The column accuses the solar energy group of taking "money, not a principled stand."
Well, while the writer argues his position passionately he must not be aware the some of the leading environmental groups have used money from oil and natural gas to further their own objectives.
Yes, that's right. Environmental groups have benefited from oil and gas revenues.
In an article written for the Independent Review in 2001, Dwight R. Lee, a noted University of Georgia economics professor, details how some in the environmental community have put oil and natural gas revenue to work to help meet their goals.
Background on Oil and Gas Drilling on Audubon Society Land
In regards to oil and natural gas drilling that has occurred on Audubon Society land, in the article Professor Lee says:
"For example, the Audubon Society owns the Rainey Wildlife Sanctuary, a 26,000-acre preserve in Louisiana that provides a home for fish, shrimp, crab, deer, ducks, and wading birds, and is a resting and feeding stopover for more than 100,000 migrating snow geese each year. ... Besides being ideally suited for wildlife, the sanctuary contains commercially valuable reserves of natural gas and oil, which attracted the attention of energy companies when they were discovered in the 1940s. Clearly, the interests served by fossil fuels do not have high priority for the Audubon Society. No doubt, the society regards additional petroleum use as a social problem rather than a social benefit. Of course, most people have different priorities: they place a much higher value on keeping down the cost of energy than they do on bird-watching and on protecting what many regard as little more than mosquito-breeding swamps. One might suppose that members of the Audubon Society have no reason to consider such “antienvironmental”values when deciding how to use their own land. Because the society owns the Rainey Sanctuary, it can ignore interests antithetical to its own and refuse to allow drilling. Yet, precisely because the society owns the land, it has been willing to accommodate the interests of those whose priorities are different and has allowed thirty seven wells to pump gas and oil from the Rainey Sanctuary. In return, it has received
royalties of more than $25 million (Baden and Stroup 1981; Snyder and Shaw 1995)." (Source: Dwight R. Lee, The Independent Review, v. VI, Fall 2001, pages 218-219)

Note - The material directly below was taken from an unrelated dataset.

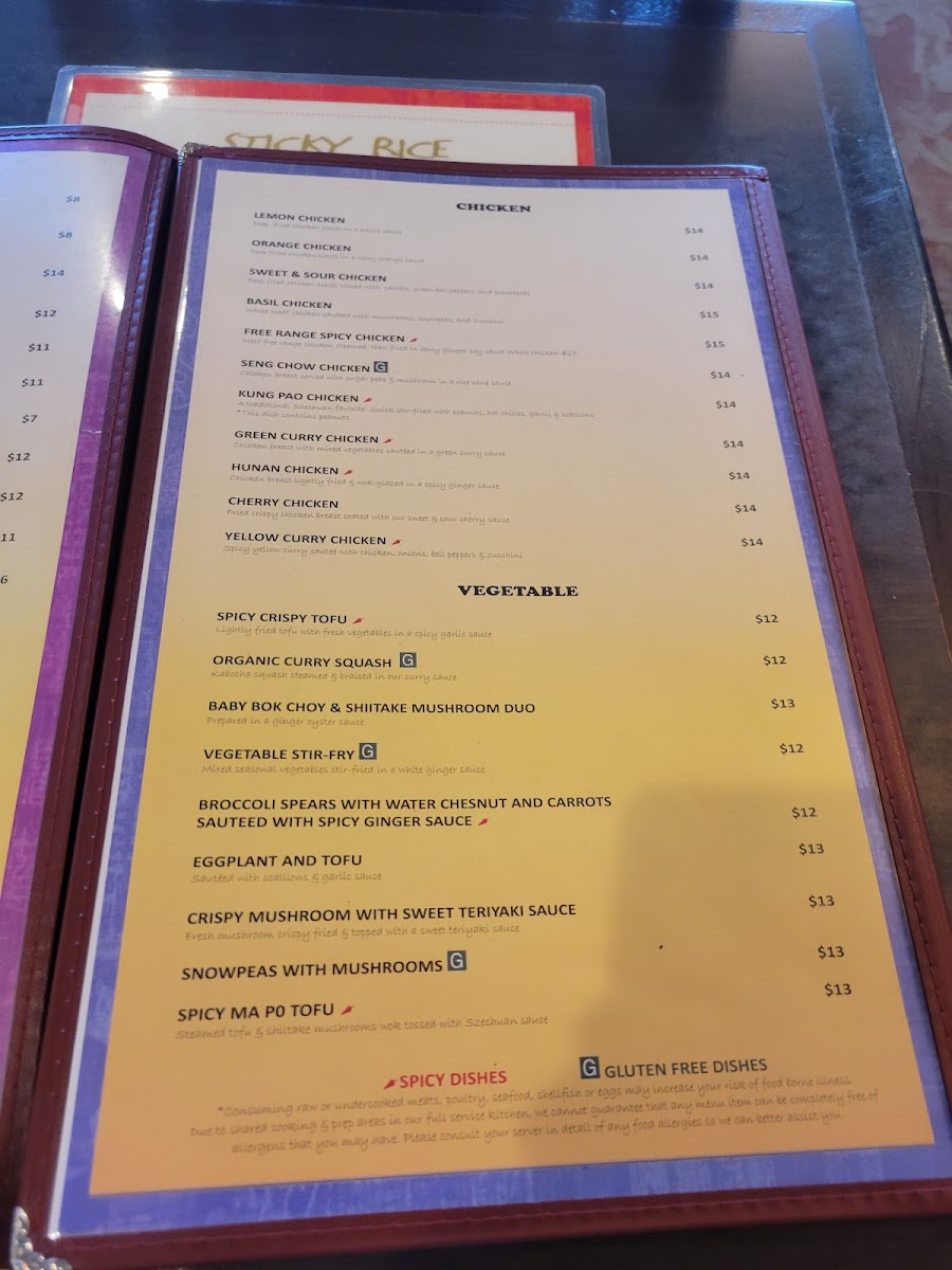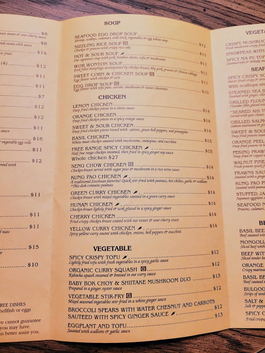 I ordered the Pot Stickers, Basil Chicken, and Combination Fried Rice. Potstickers had a nice browned bottom, though a few felt a little doughy. They were still good and I'd recommend them. I have never had Basil Chicken, but other reviewers suggested this dish, and it's an excellent choice. Very flavorful. The combination fried rice was good, but the Basil chicken is where it's at. Ended the meal with the vanilla ice cream. Very nice restaurant and staff. Highly recommend.
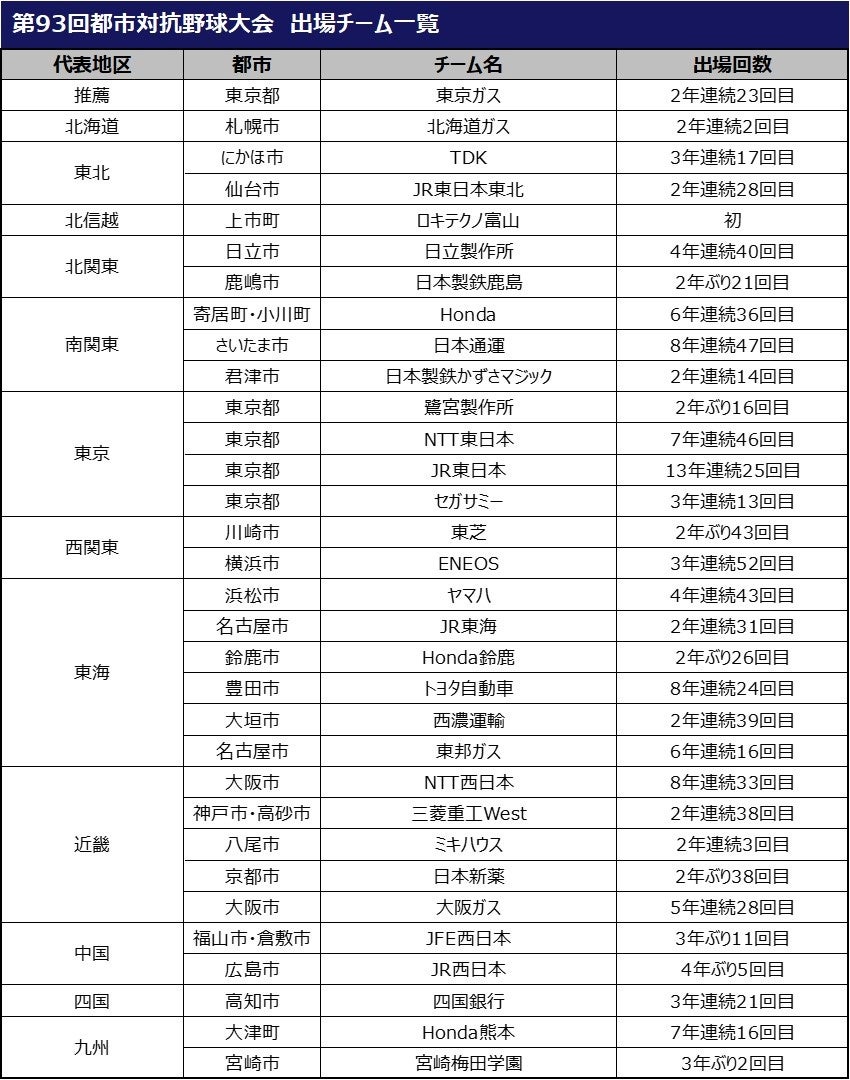 社会人野球の象徴「都市対抗野球大会」は、日本野球連盟(JABA)主催の社会人野球最高峰の大会です。今大会は、東京ドームを舞台に7月18日(月)から7月29日(木)まで12日間に渡って、昨年の覇者・東京ガス(東京都)と全国各地区の予選を勝ち上がった31チームの合計32チームが日本一の座をかけた激戦を繰り広げます。

Background on How Oil and Gas Drilling Has Benefited Nature Conservancy
Professor Lee's article also explains how oil and gas drilling has boosted efforts of The Nature Conservancy to protect a threatened bird in Texas.
"Thanks to a gift from the Mobil Oil Company, the Nature Conservancy of Texas owns the Galveston Bay Prairie Preserve in Texas City, a 2,263-acre refuge that is home to the Attwater’s prairie chicken, a highly endangered species (once numbering almost a million, its population had fallen to fewer than ten by the early 1990s). The conservancy has entered into an agreement with Galveston Bay Resources of Houston
and Aspects Resources, LLC, of Denver to drill for oil and natural gas in the preserve. Clearly some risks attend oil drilling in the habitat of a fragile endangered species, and the conservancy has considered them, but it considers the gains sufficient to justify bearing the risks. According to Ray Johnson, East County program manager for the Nature Conservancy of Texas, “We believe this could provide a tremendous opportunity to raise funds to acquire additional habitat for the Attwater’s prairie chicken, one of the most threatened birds in North America.” Obviously the primary concern is to protect the endangered species, but the demand for gas and oil is helping achieve that objective. Johnson is quick to point out, “We have taken every precaution to minimize the impact of the drilling on the prairie chickens and to ensure their continued health and safety.” (see statement at http://texasnature.org/news/pressr10.htm). (Source: Dwight R. Lee, The Independent Review, v. VI, Fall 2001, pages 220-221)
According to an article in the Los Angeles Times, the conservancy lauded its "chicken preserve cum petroleum patch" as a "harmonious mixture of commerce and conservation."
"Maybe it's time we all took a walk in the oilman's shoes," Niki McDaniel, spokesman for the Texas Nature Conservancy said in the Times story. "We believe the opportunity we have in Texas City to raise significant sums of money for conservation is one we cannot pass up, provided we are convinced we can do this drilling without harming the prairie chickens and their habitat. And we are convinced."
Yes, commerce can coexist with conservation. Florida's leading solar energy group smartly sees the opportunity in the Sunshine State in the same light.
As Florida weighs drilling in its waters to generate jobs and badly needed money, the time has come for others to recognize our state's oil reserves as a valuable natural resource that can be used to promote renewable energy while funding other state priorities.